# Shaggy grey Auction Donkey



## Red Gate Farm (Aug 28, 2011)

We were at the local horse auction last night. I wasn't there to pick up anything living, but I do like to walk around the pens and see what's being sold.

There were a few donkeys, and even a couple of really pretty mini mules, but this grey fella was just standing there. He was thin and his hooves really needed work. He kept to the middle of the pen so no one could touch him, but stood quiet with those big shaggy ears forward. He had the most abundant "bangs"! He needed a good brush, some groceries and a lot of work on those hooves.

I don't know why, but I just stood there and chatted him up, then walked around some more and found myself back at his pen and rested my hand on the railing while I talked to him again. He stepped forward, sniffed my hand, and we spent a nice five minutes with pats and scratches between his ears and over those shaggy bangs.
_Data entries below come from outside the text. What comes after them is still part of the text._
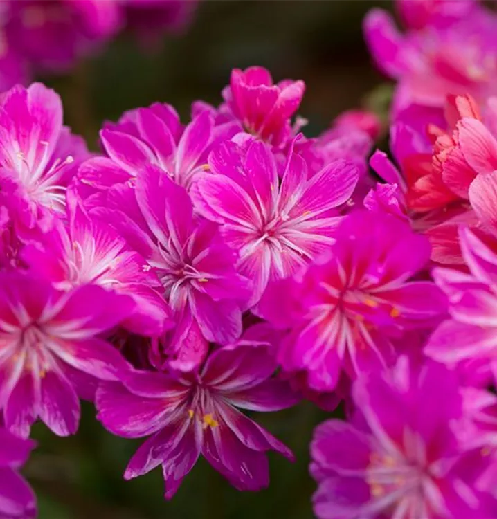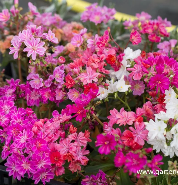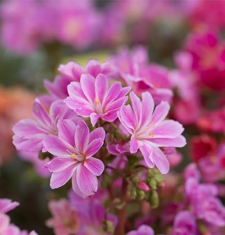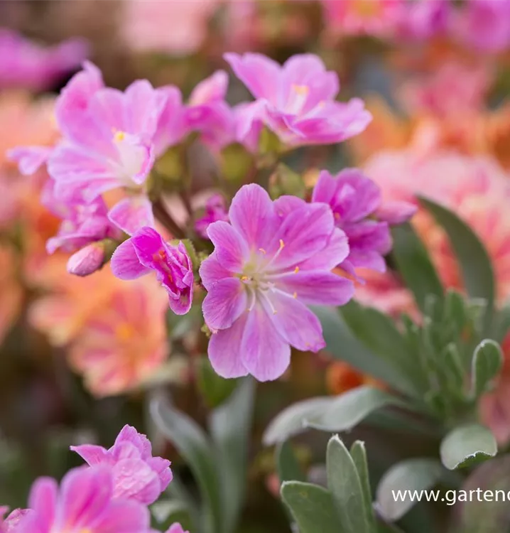 Lewisia cotyledon 'Regenbogen' bildet schalenförmige, rosafarbene Blüten ab Mai.
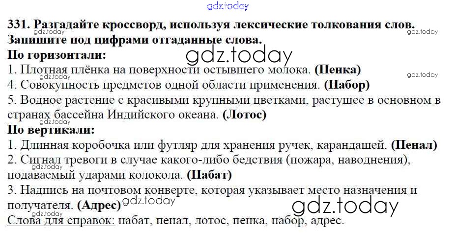 Ответы к Часть 1. Решение к упражнениям 331 Учебнику по Русскому языку для 5 класса Баранов, Ладыженская Просвещение, Просвещение 2016, 2019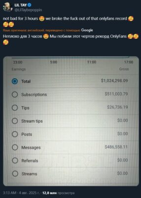 29 июля 2025 года, в день своего 18-летия, Lil Tay запустила профиль на OnlyFans, где за несколько часов заработала более миллиона долларов. Хотя в интернете появлялись фейковые «сливы» с её фото, достоверных откровенных материалов не существует. Lil Tay остаётся фигурой, которая сумела построить медийную карьеру через социальные сети и провокационный образ, вызывая продолжающийся интерес и обсуждения.

I had to sit on my hands when he came into the ring. My hubby kept saying, "No don't bid, no don't bid". I hope he got a good home:-(


----------



## Golden Horse (Feb 20, 2010)

Should of bought him and shipped him here! What sort of prices did they make? Mini mules and donks can make good money here sometimes


----------



## Mulefeather (Feb 22, 2014)

I hate going to auctions and seeing donkeys/mules there. Some of them just look like a stuffed toy that's lost their child, and breaks my heart every time. I found myself looking at the BLM internet adoptions, apparently the one coming up in a few days has quite a number of burros listed. 

Sigh. I need a new job so I can buy myself a long-eared birthday present


----------



## Red Gate Farm (Aug 28, 2011)

Golden Horse said:


> Should of bought him and shipped him here! What sort of prices did they make? Mini mules and donks can make good money here sometimes


Ahhh Golden, you just want an excuse for me to visit! :wink:

Prices were in the 250 - 350 range.


----------



## Zexious (Aug 2, 2013)

): This makes me sad. Poor little donk.


----------



## Golden Horse (Feb 20, 2010)

Maybe he got a nice upgrade!
_Posted via Mobile Device_


----------



## littrella (Aug 28, 2010)

That's a pretty good price. Around my neck of the woods, donkeys are only bringing 15-30$ at auction. Hope he went to a home that understands donkeys.


----------